BNFC / bnfc

BNF Converter
http://bnfc.digitalgrammars.com/
578 stars 163 forks source link

Removal of zero-width matches in generated tree-sitter grammar files, preliminary implementation #475

Open chaserhkj opened 5 months ago

chaserhkj commented 5 months ago

Tree-sitter has a known limitation of not handling symbols that can match zero-width (a.k.a. "empty") strings. (Documented here) The only exception seems to be the start symbol.

However, in BNFC, zero-width matching symbols are supported and used in many examples and test cases. (e.g. The list macros in BNFC) It would be impractical to not support them in the tree-sitter backend.

It is possible to eliminate all zero-width matching symbols from a grammar: First, all symbols that could match zero-width need to be identified. Then these symbols can be converted to valid tree-sitter symbols by removing the RHS empty branches from its rules. Then all rules of the entire grammar need to be processed, wrapping all of the references to the aforementioned symbol with optional(..). Finally since the addition of optional(..) can populate zero-width-matching to other symbols, this needs to be done repeatedly until converging on a fixed point or the zero-width-matching is populated to the start symbol.

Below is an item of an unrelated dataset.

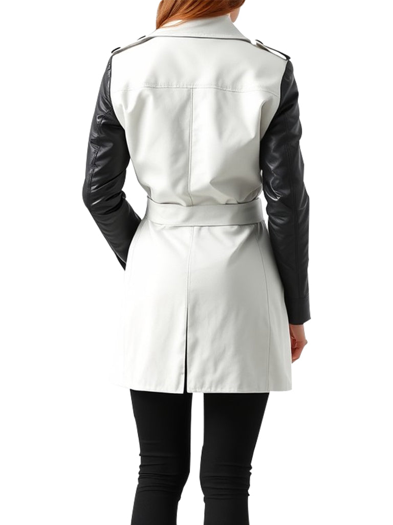 Add a modern twist to your outerwear collection with our Women's Contrast Sleeve Belted Trench Coat. This chic trench coat features a classic white body paired with striking black leather sleeves, creating a bold and sophisticated look. The belted waist cinches for a flattering silhouette, while the double-breasted front with button details adds a touch of timeless elegance. Ideal for both day and night wear, this versatile coat combines practicality and style, making it a must-have for any fashion-forward wardrobe.

This PR implements a preliminary version of the above-described algorithm. The converging process is not done yet and currently, it only handles simple cases of zero-width-matching where there is only one layer of matching. It should be sufficient enough for most cases like the list-related internal macros provided in BNFC.

andreasabel commented 1 month ago

Thanks, @chaserhkj! Sorry for the delay, I was busy teaching in early Spring, and then lost track of this PR.

I gave the testing a try but it seems like most (all?) of the tree-sitter tests fail.

What would be the way to use this backend? Could you write some backend documentation at https://github.com/BNFC/bnfc/blob/master/docs/user_guide.rst ? Proposed content:

Also, we need some CHANGELOG entry.

andreasabel commented 1 month ago

So it seems that the fix here is not complete, e.g. with CF file

separator Integer "  "

and the grammar.js generated by bnfc --tree-sitter ...

$ tree-sitter generate ./grammar.js 
The rule `list_token_Integer` matches the empty string.

Tree-sitter does not support syntactic rules that match the empty string
unless they are used only as the grammar's start rule
chaserhkj commented 1 month ago

Sorry I wasn't able to look at this again in the past few months and I kinda forgot where I was.

I think I at least implemented the simplest cases, but I might be wrong. I might not have the immediate time to work on this, but I'll see if I could get back to this (and the documentations) in one week or two.